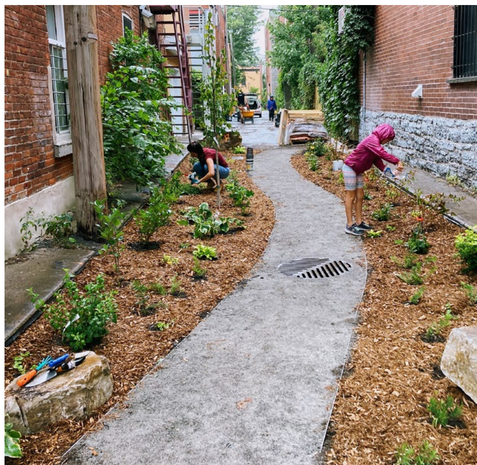
Ruelle Gilford, de Bienville, Saint-André, Saint-Hubert

L'arrondissement fournit les végétaux la première année de réalisation. Les résident(e)s sont responsables de remplacer les végétaux qui meurent par manque d'entretien.
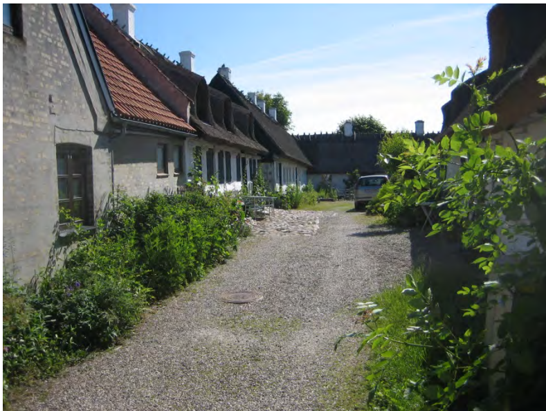
Vrågården - Et konkret eksempel på hvorledes det er lykkedes en gruppe beboere, at bevare et originalt gårdmiljø fra 1794
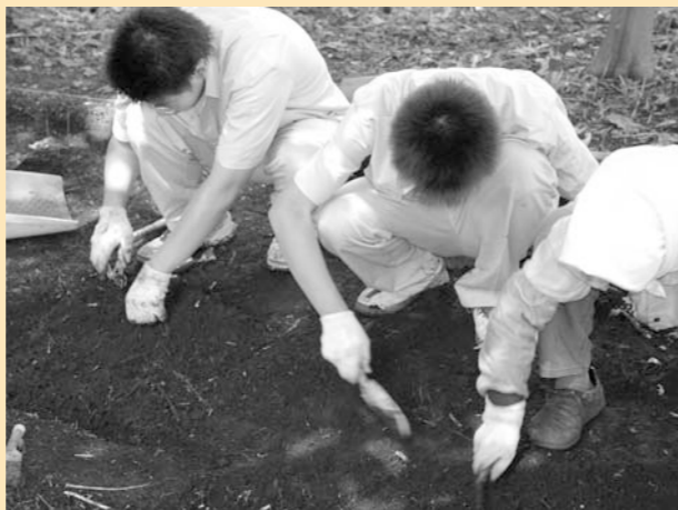
ていねいに根気よく作業をすすめる鷹農生

各高校では社会人としての基礎的な心構えを養うために就業体験学習が行なわれています。伊勢堂岱遺跡では8月29日から3日間にわたり鷹巣農林高校2年生(2人)が就労を体験し、発掘作業を行いました。
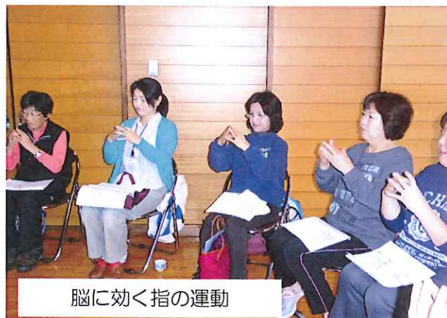
脳に効く指の運動

日常の生活でも常に「新しいこと」「難しいこと」「できないこと」に積極的に挑戦し、脳が活性化されるよう心掛けましょう。
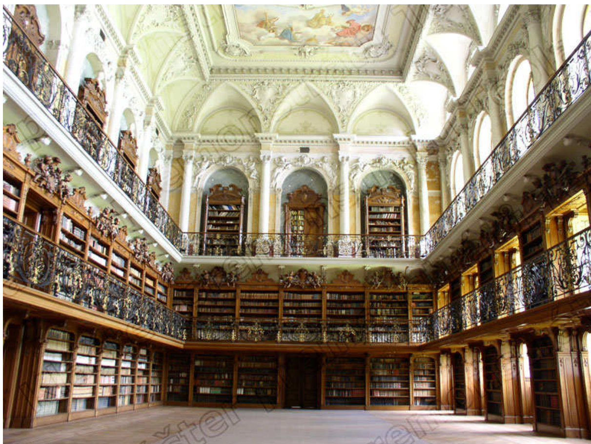
Příloha č. 5 Sál klášterní knihovny v Teplé
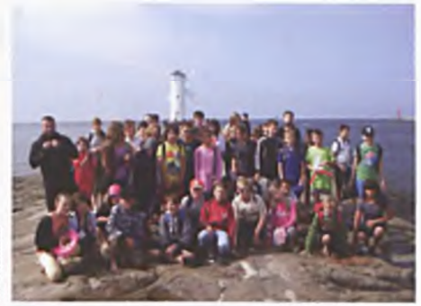
Wycieczka nad morze
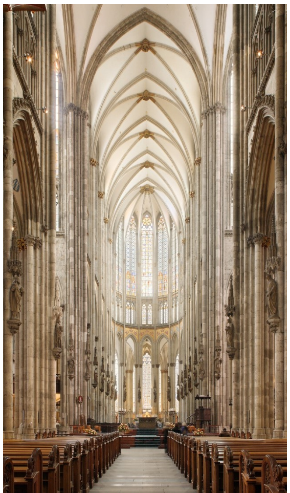
Innenraum, Langhaus, Ansicht nach Osten, Gesamtansicht in den Kölner Dom

__WHAT THE EXERCISE ASKS__:
A faithful copy of all the data above, without its pictures, is the expected result.

__FINAL ANSWER__:
Ruelle Gilford, de Bienville, Saint-André, Saint-Hubert

L'arrondissement fournit les végétaux la première année de réalisation. Les résident(e)s sont responsables de remplacer les végétaux qui meurent par manque d'entretien.
Vrågården - Et konkret eksempel på hvorledes det er lykkedes en gruppe beboere, at bevare et originalt gårdmiljø fra 1794
ていねいに根気よく作業をすすめる鷹農生

各高校では社会人としての基礎的な心構えを養うために就業体験学習が行なわれています。伊勢堂岱遺跡では8月29日から3日間にわたり鷹巣農林高校2年生(2人)が就労を体験し、発掘作業を行いました。
脳に効く指の運動

日常の生活でも常に「新しいこと」「難しいこと」「できないこと」に積極的に挑戦し、脳が活性化されるよう心掛けましょう。
Příloha č. 5 Sál klášterní knihovny v Teplé
Wycieczka nad morze
Innenraum, Langhaus, Ansicht nach Osten, Gesamtansicht in den Kölner Dom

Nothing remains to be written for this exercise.